Filing Chapter 7 bankruptcy is not the only option for dealing with debt. You should consider some of the alternatives and strategies that may help you avoid or reduce your debt without filing for Chapter 7 bankruptcy. Some of the alternatives and strategies are:

Negotiating with Creditors:

You may be able to negotiate with your creditors to lower your interest rates, waive fees, extend payment terms, settle for less than what you owe, or modify your loan agreements.

You can contact your creditors directly or hire a debt settlement company or a lawyer to negotiate on your behalf. Negotiating with creditors may help you reduce your debt and avoid bankruptcy.

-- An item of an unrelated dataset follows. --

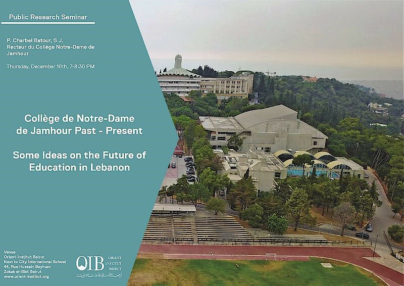 In the lecture by Père Charbel Batour, we will get an overview of the history of the Collège and also learn more about the current situation and goals. Our speaker will also share some of his ideas on the future of education in Lebanon in the second part. Especially in the current crisis situation, the education landscape is facing great challenges that are worth talking about.
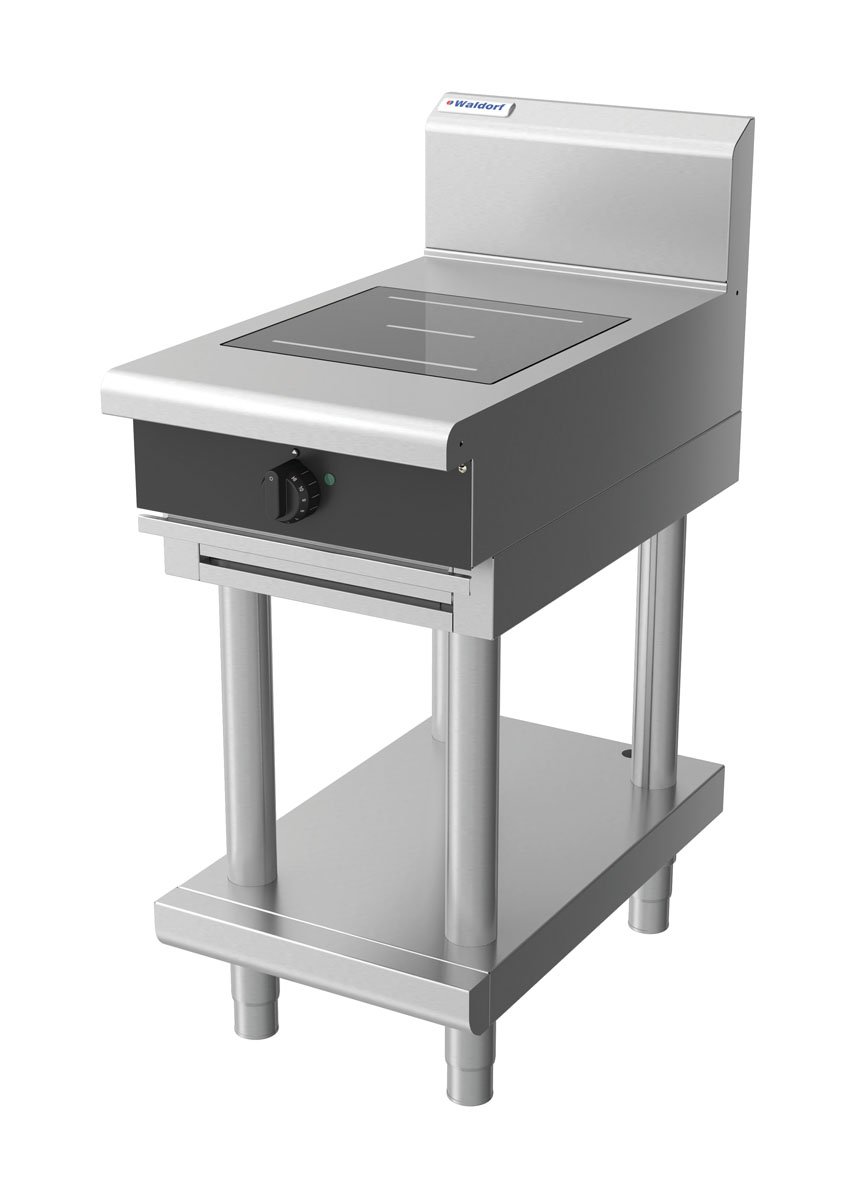 Waldorf BOLD 8100 Series 450mm 1 x 5kW Round Zone Electric Induction Cooktop on Leg Stand. Finished in Black. (3P)

However, negotiating with creditors may also have some drawbacks, such as damaging your credit, increasing your tax liability, exposing you to lawsuits, and costing you fees or charges.

Seeking Debt Relief Programs:

You may be able to seek help from various debt relief programs that offer counseling, education, management, consolidation, or forgiveness of your debt.

You can find reputable debt relief programs through nonprofit organizations, government agencies, or accredited institutions.

Debt relief programs may help you improve your financial situation and avoid bankruptcy. However, debt relief programs may also have some drawbacks, such as affecting your credit, requiring fees or charges, imposing restrictions or conditions, or being fraudulent or ineffective.

Filing Other Types of Bankruptcy:

You may be able to file other types of bankruptcy that are different from Chapter 7 bankruptcy.

The most common types of bankruptcy are Chapter 11 (business reorganization), Chapter 12 (family farmer or fisherman adjustment), and Chapter 13 (individual repayment plan). These types of bankruptcy allow you to keep some or all of your property and pay some or all of your debts over time through a court-approved plan.

These types of bankruptcy may help you resolve your debt and avoid liquidation. They may also have some drawbacks, such as being more expensive, complex, time-consuming, and restrictive than Chapter 7 bankruptcy.

Understanding Chapter 7 bankruptcy law is important for debtors who are facing financial difficulties or considering filing for bankruptcy. Chapter 7 bankruptcy law can help you get a fresh start financially, but it can also have some serious consequences on your property, credit, and future finances. Therefore, you should seek professional advice and guidance from a qualified bankruptcy attorney before filing Chapter 7 bankruptcy.